[Exercise requirements] Starting with the line that contains "Taternik na grani." and stopping after the line that contains "313下午四点半,服装学院学", copy the entries below exactly. Include nothing else.

[Dataset entries]
=== Begin Enclosure ===
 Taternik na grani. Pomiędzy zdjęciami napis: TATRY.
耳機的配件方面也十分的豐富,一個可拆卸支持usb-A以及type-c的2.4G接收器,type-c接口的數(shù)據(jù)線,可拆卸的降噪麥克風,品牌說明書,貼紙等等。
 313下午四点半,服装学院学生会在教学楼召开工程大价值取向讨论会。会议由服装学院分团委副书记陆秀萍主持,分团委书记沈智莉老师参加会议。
=== End Enclosure ===
=== Begin Enclosure ===
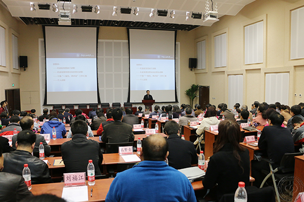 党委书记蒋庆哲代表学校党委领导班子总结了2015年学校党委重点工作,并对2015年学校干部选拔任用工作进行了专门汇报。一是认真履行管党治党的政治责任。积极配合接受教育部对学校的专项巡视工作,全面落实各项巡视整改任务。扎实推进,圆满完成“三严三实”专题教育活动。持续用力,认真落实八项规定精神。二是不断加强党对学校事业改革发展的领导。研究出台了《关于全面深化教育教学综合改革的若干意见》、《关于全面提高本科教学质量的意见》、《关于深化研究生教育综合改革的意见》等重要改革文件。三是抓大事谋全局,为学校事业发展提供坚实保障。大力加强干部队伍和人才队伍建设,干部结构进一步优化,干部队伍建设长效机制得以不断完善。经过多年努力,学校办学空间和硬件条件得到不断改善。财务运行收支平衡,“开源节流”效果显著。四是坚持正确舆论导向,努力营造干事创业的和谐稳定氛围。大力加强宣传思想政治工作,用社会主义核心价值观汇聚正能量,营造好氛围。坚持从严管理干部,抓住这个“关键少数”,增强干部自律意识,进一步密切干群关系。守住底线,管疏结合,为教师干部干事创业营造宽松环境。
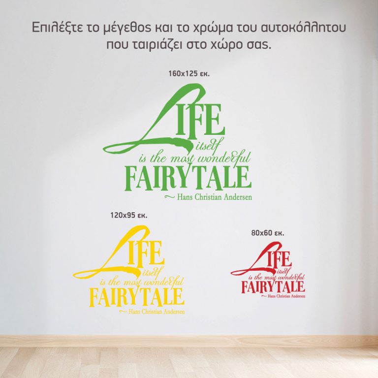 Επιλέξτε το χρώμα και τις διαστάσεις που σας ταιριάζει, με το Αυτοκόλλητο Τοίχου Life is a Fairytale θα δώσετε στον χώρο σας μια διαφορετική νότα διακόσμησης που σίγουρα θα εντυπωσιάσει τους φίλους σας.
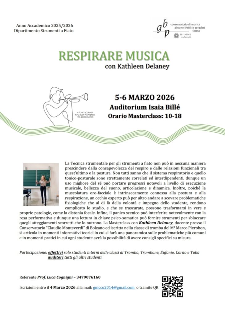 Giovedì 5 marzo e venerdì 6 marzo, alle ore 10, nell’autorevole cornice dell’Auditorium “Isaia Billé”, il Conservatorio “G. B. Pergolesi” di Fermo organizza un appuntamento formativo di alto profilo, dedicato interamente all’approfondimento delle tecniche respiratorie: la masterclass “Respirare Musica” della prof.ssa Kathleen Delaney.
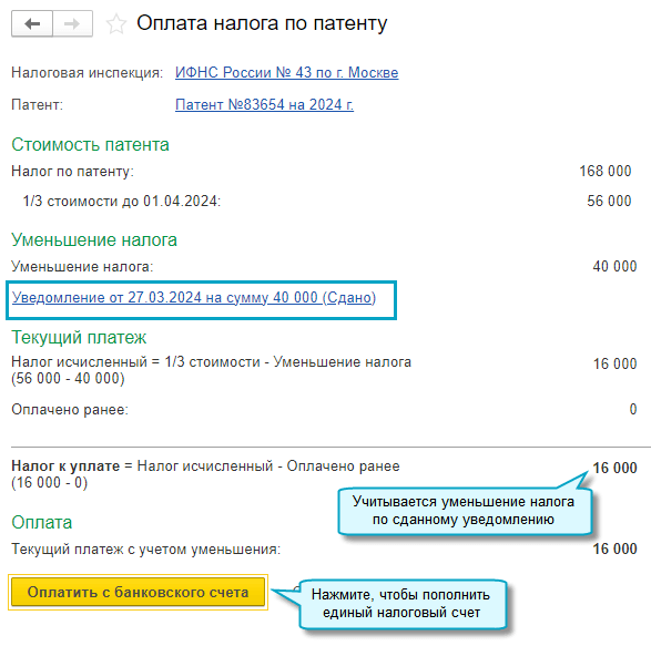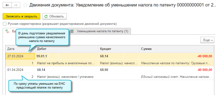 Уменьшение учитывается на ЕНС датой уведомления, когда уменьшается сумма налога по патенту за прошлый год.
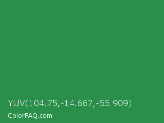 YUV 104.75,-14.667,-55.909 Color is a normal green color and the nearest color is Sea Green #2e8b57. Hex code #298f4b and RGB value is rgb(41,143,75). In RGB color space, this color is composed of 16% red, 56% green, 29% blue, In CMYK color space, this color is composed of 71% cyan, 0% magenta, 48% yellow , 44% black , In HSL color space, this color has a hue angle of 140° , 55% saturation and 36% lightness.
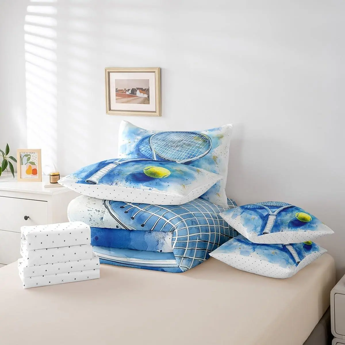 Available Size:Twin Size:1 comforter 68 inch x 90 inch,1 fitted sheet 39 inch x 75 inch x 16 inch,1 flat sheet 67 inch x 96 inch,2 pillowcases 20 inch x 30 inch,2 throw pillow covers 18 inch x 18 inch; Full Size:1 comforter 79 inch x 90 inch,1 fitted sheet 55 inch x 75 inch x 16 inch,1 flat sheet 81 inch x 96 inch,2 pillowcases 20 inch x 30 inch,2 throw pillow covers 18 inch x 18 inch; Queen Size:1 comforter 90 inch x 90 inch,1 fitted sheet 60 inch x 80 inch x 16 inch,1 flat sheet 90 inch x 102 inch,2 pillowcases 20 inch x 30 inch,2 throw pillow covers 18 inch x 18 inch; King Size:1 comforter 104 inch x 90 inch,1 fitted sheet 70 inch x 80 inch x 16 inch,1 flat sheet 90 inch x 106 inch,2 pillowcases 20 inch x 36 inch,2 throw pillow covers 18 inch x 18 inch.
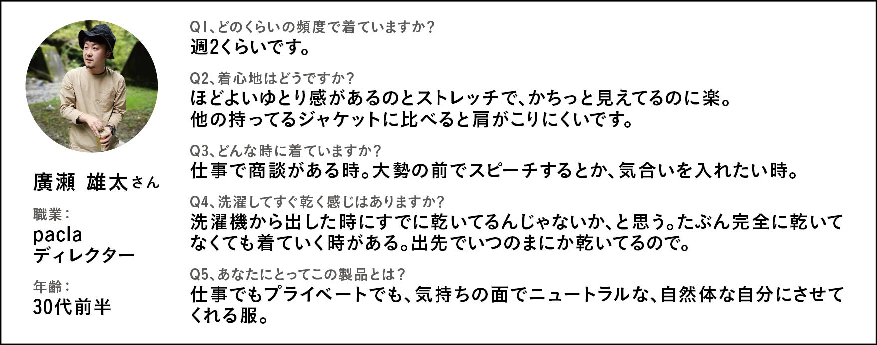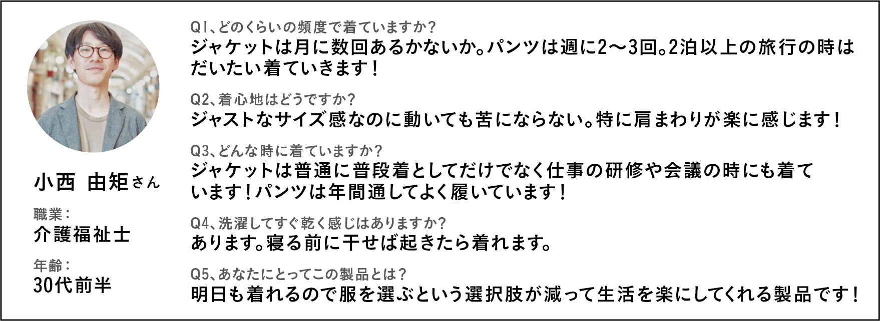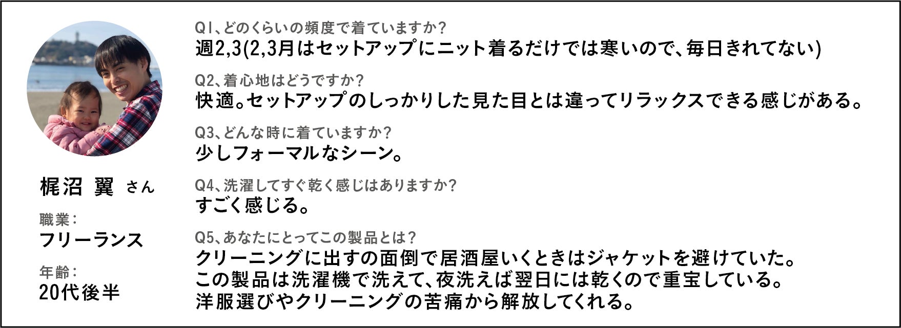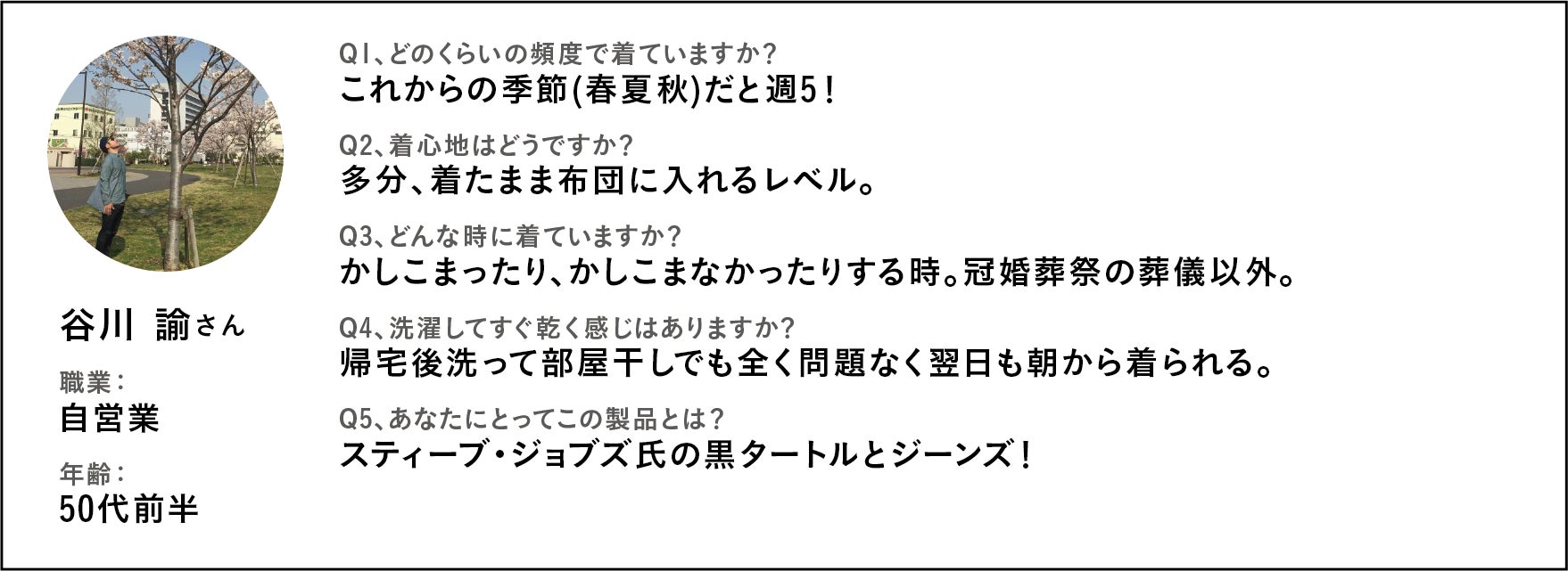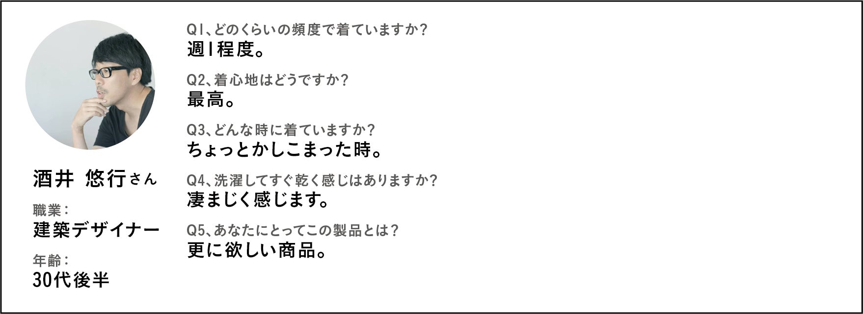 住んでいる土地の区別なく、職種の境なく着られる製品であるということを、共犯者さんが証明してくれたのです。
=== End Enclosure ===
[Written answer]
 Taternik na grani. Pomiędzy zdjęciami napis: TATRY.
耳機的配件方面也十分的豐富,一個可拆卸支持usb-A以及type-c的2.4G接收器,type-c接口的數(shù)據(jù)線,可拆卸的降噪麥克風,品牌說明書,貼紙等等。
 313下午四点半,服装学院学生会在教学楼召开工程大价值取向讨论会。会议由服装学院分团委副书记陆秀萍主持,分团委书记沈智莉老师参加会议。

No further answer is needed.